От стены леса отделился темный клубок.
Бурый медведь подошел к мертвой туше лежащего на галечном пляже кита, тронул лапой и, подняв морду, проворчал, приступая к ночному пиршеству.
2Мы знали от вертолетчиков, что появились косатки, и все же вышли на шлюпке в Берингово море.
На эту глупость меня толкнула необходимость срочно окольцевать несколько сивучей, вернее, их маленьких детенышей, которые червями ползают по скалам и кричат, как барашки: «Бэ-э-э-з».
К тому же мой друг, радист Брошин, жаждал пострелять дичи. И еще ему не терпелось блеснуть гением своей Чарки.
— Ересь! — уверял он, размахивая волосатыми руками. Волосы у него росли даже на плечах, как шерстяные погоны. Чтобы лайка да была только для белки и куницы?! Поедем увидишь мою Чарку в деле!
Цепь базальтовых скал тюленьего острова казалась безжизненной, пока мы не услышали протяжный рев заметивших нас сивучей. Так ревел бы прибой.
Стало видно, что тюлени раскачиваются на месте, поднимают головы, сталкивают друг друга с камней, залезая повыше.
Чарка навострила уши. Она лишь мельком взглядывала на нас, и все в ней, наверно, пело от предвкушения чего-то необычайного в ее жизни. Она не знала еще тюленей, ее впервой взяли на острова. То новое, что она увидела, волновало ее.
На вершине скалы, сильно раздувая толстую шею, лаял старый секач. Он походил на живой мешок, сшитый из блестящего меха и пытающийся принять гордую, повелительную осанку. Его бурая шкура выцвела от солнца и времени и порыжела на его голове и плечах, как мех самок.

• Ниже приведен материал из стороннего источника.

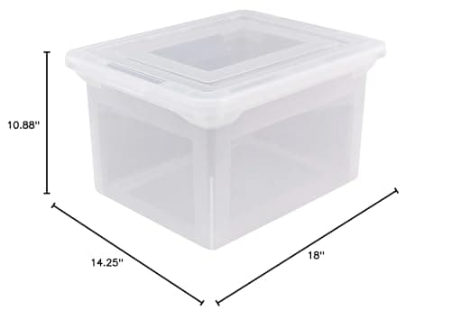 IRIS USA File Box, Plastic File Organizer with Lids for Letter/Legal File, Portable Document Box For Moving, Storage Bin with Durable and Secure Lid, Stackable Nestable BPA-Free, Clear 35 Qt. 4 Pack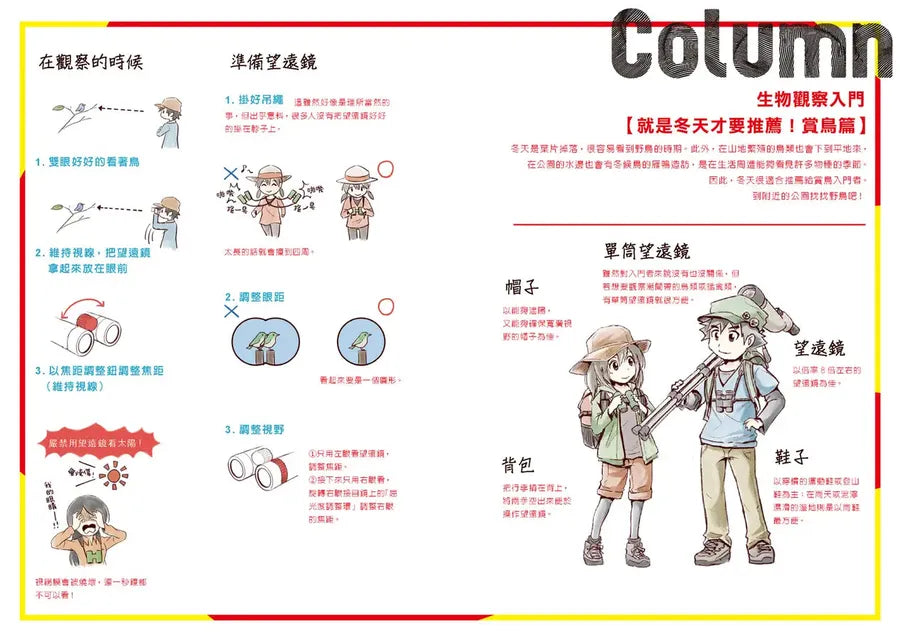 另外從專欄也可以認識動物的戀愛情狀、杜鵑托卵以及前往山上、海邊觀察生物與賞鳥的注意事項等等,從輕鬆漫畫學習動物知識,兼具趣味與知識的優點,即使是小朋友也可以樂在其中喔!

Самки вторили секачу высокими голосами, хрипло кричали чайки, каркали черные, как ворон, бакланы, — и весь этот концерт так увлек нас, что мы не заметили появления косаток.
Внезапно высокий нож плавника подплыл к нашему борту и пошел рядом. Чарка залилась лаем, глядя в воду, потом шерсть на ее загривке встала дыбом, собака попятилась и свалилась с банки, подняв визг.
Мы глянули за борт. Лиловый глаз десятиметровой косатки был виден сквозь воду. Он следил за нами и был, казалось, до предела налит злобой, от которой леденило спину, как при встрече с коварной ядовитой змеей.
Радист вырвал из моих рук винтовку.
— Отдай! Ты что? Какой глупец стреляет в косаток?
— Болтовня! Дребедень! — дрожа от возбуждения, процедил он, прицеливаясь.
Ерошин жил в этих краях уже год и кое-что слышал о косатках. Но у него была манера: если ему говорили о чем-нибудь «страшно», «трудно» — радист решительно отзывался: «чепуха», «ересь», «дребедень».